Yes, yes, yes this may all seem very arty farty, away with the fairies, out of touch with reality- however, it highlights just how exciting you can make over night accommodation. To me, the idea of sitting round a camp fire, strings of fairy lights above me, sat on driftwood and enjoying a drink from the bar is really appealing. Absorbed in the theme of the place. Maybe, come March, this will be the case. But why, oh why call it 'The Waterfront Hotel'?!

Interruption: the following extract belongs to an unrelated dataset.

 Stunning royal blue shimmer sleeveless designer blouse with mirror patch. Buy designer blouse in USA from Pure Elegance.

There seems to be a myth confronting Merlin at the moment and that's that families like neutral. Families like sensible. Families like familiar. And maybe, in some cases that's true. But places like Europa Park have created hotels rich in detail and story, UK parks used to be able to - look at ATH or Splash Landings when they first opened - they were exciting places to be! Recent additions such as the Legoland Hotel may have strong themes on the inside but even then they lack depth and from the outside the hotel looks as dull as dishwater.

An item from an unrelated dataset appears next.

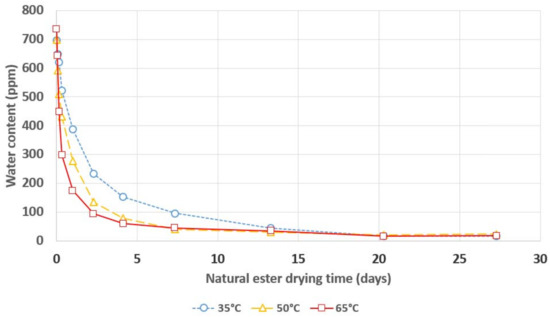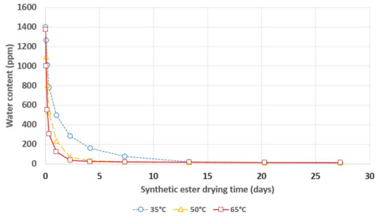 In the case of drying both natural and synthetic ester, an even greater influence of the temperature on the dynamics of the drying process was observed than in the case of mineral oil. The increase in temperature of the electro-insulating liquid caused a significant increase in the rate of water removal from the esters. An increase in the drying dynamics was observed when the temperature increased from 35 °C to 50 °C and when the temperature increased from 50 °C to 65 °C.

Even recent forays into kids areas have yielded sub par results (with some notable exceptions, and Cbeebies land looks like its heading in the right direction), but we've seen an obsession with IPs - how are kids suppose to develop imaginations if the places they go for adventure are thoroughly unimaginative? I remember riding Bubbleworks over and over again, looking for all the details embedded in the scenery, or spending hours creating stories staring the Thorpe Park Rangers. Places which used to be the catalyst for ideas have now become the slops bucket for other people's properties, its impossible to have a day escaping reality if round every bend there's an advert from TV or a character from the iTunes Store.
As has been suggested previously in this topic, Thorpe have decided to change their tact and try and be more inclusive of the family market (a thing which geek world has been wanting for years) but they've gone about it in a, seemingly, knee jerk way.
This post has become far too long, and gone off topic more times than a nun sits on a cucumber. But, the news Thorpe have released over the past week show that we seem to live in a time when the parks don't really know how to define 'family entertainment', or how to integrate rides for differing tastes into one themed area, and I really hope it isn't too detrimental.